Many private business owners buy into the hype of taking their company public without fully understanding what they’re getting themselves into with an IPO.
Why? Because they look at an improving economy, the projected financial rewards, and a “way out” which can be quite tempting. In many ways, IPOs may not be the best answer to raising capital. If you are finding yourself overly eager to take your company, you might want to take your blinders off, and look at the real picture. I know, because I’ve been there… there and back.
In 2014, companies that have already priced IPO’s are on the rise significantly compared to the previous year.
In 1959, my own company, Syms Corp., was founded and we took it public in 1983 when off-price retail was a hot ticket on Wall Street much like technology companies are today. Even though I didn’t take the helm until 1998, I got to see first-hand the tremendous difference between running a private company verses a public one.
When we made the acquisition of Filene’s Basement in 2009, we faced the challenge of merging two very distinct cultures, one private and one public. There were many reasons why it was not smooth sailing, not the least of which was the intense focus by the financial community. Adding to this fervid scrutiny was the sea change in our retail niche as a result of the economic downturn of 2008 and the changing purchasing habits of the consumer.

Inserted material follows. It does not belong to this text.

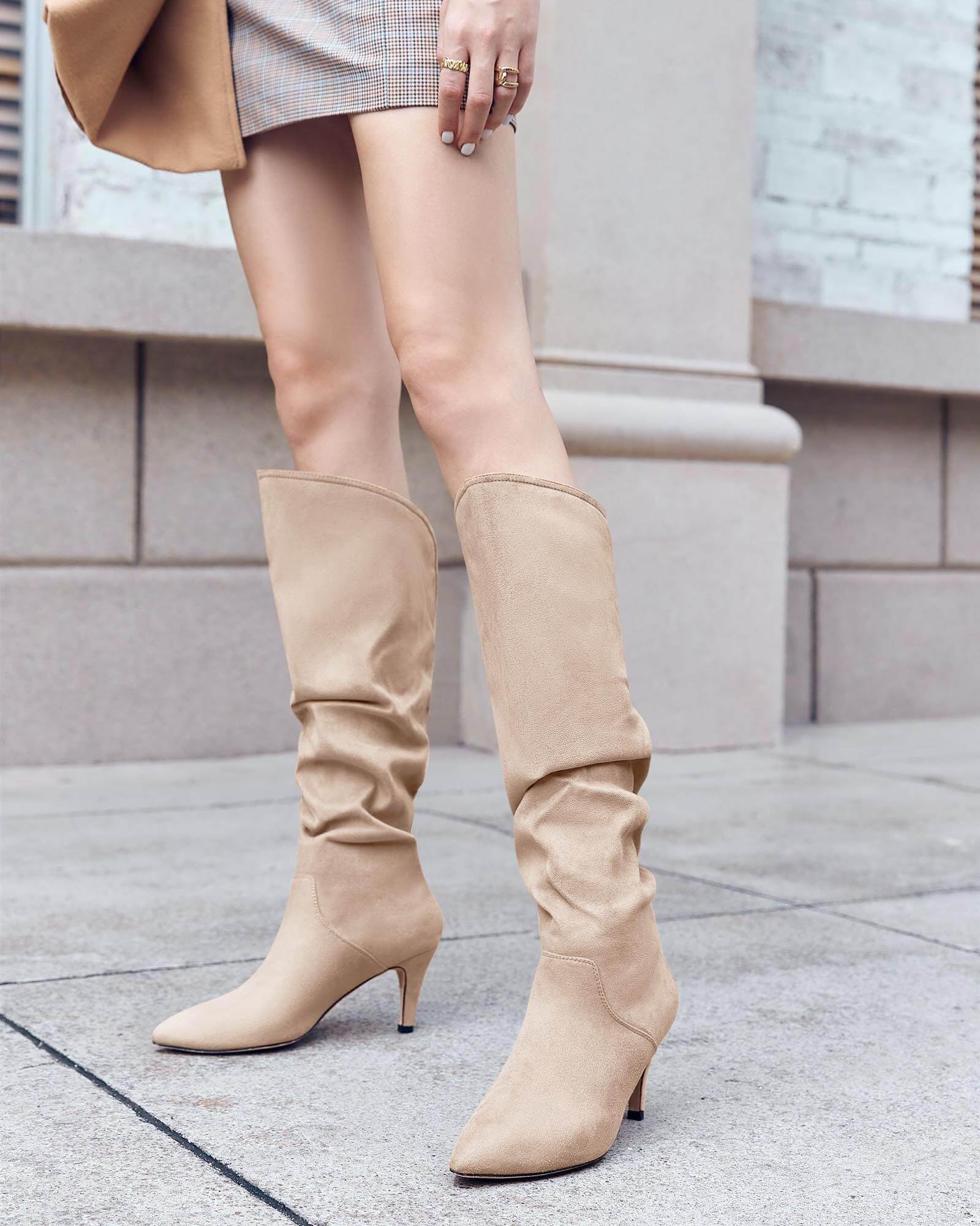 Slouchy Kitten Heel Wide Calf Boots are perfect for a stylish yet comfortable look. These boots feature a slouchy design offering generous calf room. as well as a kitten heel for an on-trend look. Ideal for adding a touch of elegance to any outfit.

Without adding the extra pressing of quarterly reporting to shareholders and the street.
In the 1980s Syms was considered a successful mid-cap public offering. It generated wealth for its shareholders and also helped to create new jobs. It also was the catalyst to help establish the Sy Syms Foundation, which has supported charitable, educational and cultural organizations for more than three decades. As is the case when any company goes public, my father and his colleagues on the board of directors ceded some control, but they did it without compromising the original Syms mission: to offer budget-savvy consumers great deals on designer clothing.
Today, Syms would be considered a micro-cap, utterly dwarfed by the mammoth corporations that dominate the business landscape. Yet, as a publicly traded company, it would be required to follow the very same regulations as its much larger counterparts, including Sarbanes-Oxley requirements (which sets new and enhanced standards for financial governance). These stringent guidelines didn’t exist during my father’s tenure. This isn’t to say executives at public companies don’t or can’t manage this slippery slope, but it is definitely a challenge to say the least.
Most private business owners I know understand these regulations only too well and can cite them chapter and verse. But that doesn’t mean they’re prepared for the crushing financial pressure that comes along with compliance — the loss of autonomy, and the scrutiny of both shareholders and Wall Street. And it hits smaller public companies that much harder.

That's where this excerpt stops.